L'atterrage des canalisations et leurs jonctions peuvent être autorisées, lorsque ces canalisations et jonctions sont nécessaires à l'établissement des réseaux ouverts au public de communications électroniques. Les techniques utilisées pour la réalisation de ces ouvrages de communications électroniques sont souterraines et toujours celles de moindre impact environnemental.
3.5 - L'élargissement de la servitude de passage pour permettre les opérations d'entretien des abords des réseaux
Le principe
Les exploitants de réseaux ouverts au public bénéficient d'un droit de passage, sur le domaine public routier et dans les réseaux publics relevant du domaine public routier et non routier, à l'exception des réseaux et infrastructures de communications électroniques, et de servitudes sur les propriétés privées.
Cette servitude est instituée en vue de permettre notamment les opérations d'entretien des abords des réseaux à très haut débit fixes et mobiles permettant d'assurer des services fixes de communications électroniques ouverts au public, telles que le débroussaillage, la coupe d'herbe, l'élagage et l'abattage :
a) Sur les bâtiments d'habitation et sur et dans les parties des immeubles collectifs et des lotissements affectées à un usage commun, y compris celles pouvant accueillir des installations ou équipements radioélectriques ;
b) Sur le sol et dans le sous-sol des propriétés non bâties, y compris celles pouvant accueillir des installations ou équipements radioélectriques ;
c) Sur et au-dessus des propriétés privées, y compris à l'extérieur des murs ou des façades donnant sur la voie publique, dans la mesure où l'exploitant se borne à utiliser l'installation d'un tiers sans compromettre, le cas échéant, la mission propre de service public confiée à ce tiers. En cas de contrainte technique, l'installation est déployée à proximité de celle déjà existante, en suivant au mieux son cheminement.
La modification
La CMP ajoute que cette disposition s'appliquera aux réseaux déployés ou projetés.

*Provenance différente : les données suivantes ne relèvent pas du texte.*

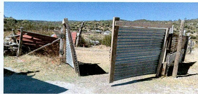
SUSTITUCION DE PORTON DE LAMINA POR PORTON DE METAL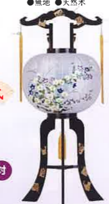
O-20 かみじま 黒(1個入) 一般価格▶15,730円(税込)

会員価格 21,000円(税込) ●高さ88cm×φ34cm ●プラスチック製 ●菊桔梗

3.6 - Les conséquences de l'absence de commercialisation d'une ligne subventionnée de communications électroniques
La CMP a ajouté une disposition relative à l'absence de commercialisation d'une ligne subventionnée de communications électroniques.
Lorsqu'une ligne de communications électroniques à très haut débit en fibre optique permettant de desservir un utilisateur final est établie ou exploitée, qu'elle a bénéficié de subventions publiques, et qu'aucun opérateur ne commercialise d'accès activé à cette ligne, l'opérateur exploitant cette ligne fera droit aux demandes raisonnables d'accès activé à ladite ligne et aux moyens qui y sont associés émanant d'opérateurs, en vue de fournir des services de communications électroniques à cet utilisateur final.

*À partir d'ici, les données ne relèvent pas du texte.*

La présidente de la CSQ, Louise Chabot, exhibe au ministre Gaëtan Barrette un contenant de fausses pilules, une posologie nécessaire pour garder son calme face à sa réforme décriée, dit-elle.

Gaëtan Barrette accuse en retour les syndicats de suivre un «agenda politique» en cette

L'accès fera l'objet d'une convention entre les personnes concernées. Celle-ci déterminera les conditions techniques et financières de l'accès. Elle sera communiquée à l'Autorité de régulation des communications électroniques et des postes à sa demande.
Les différends relatifs à la conclusion ou à l'exécution de la convention seront soumis à l'Autorité de régulation des communications électroniques et des postes.
4 - LE TEXTE DE LA LOI ELAN (23 novembre 2018)
Le Conseil constitionnel a validé ces dispositions dans sa décision en date du 15 novembre 2018. Elles sont présentes au sein des articles 219 et suivants de la loi Elan.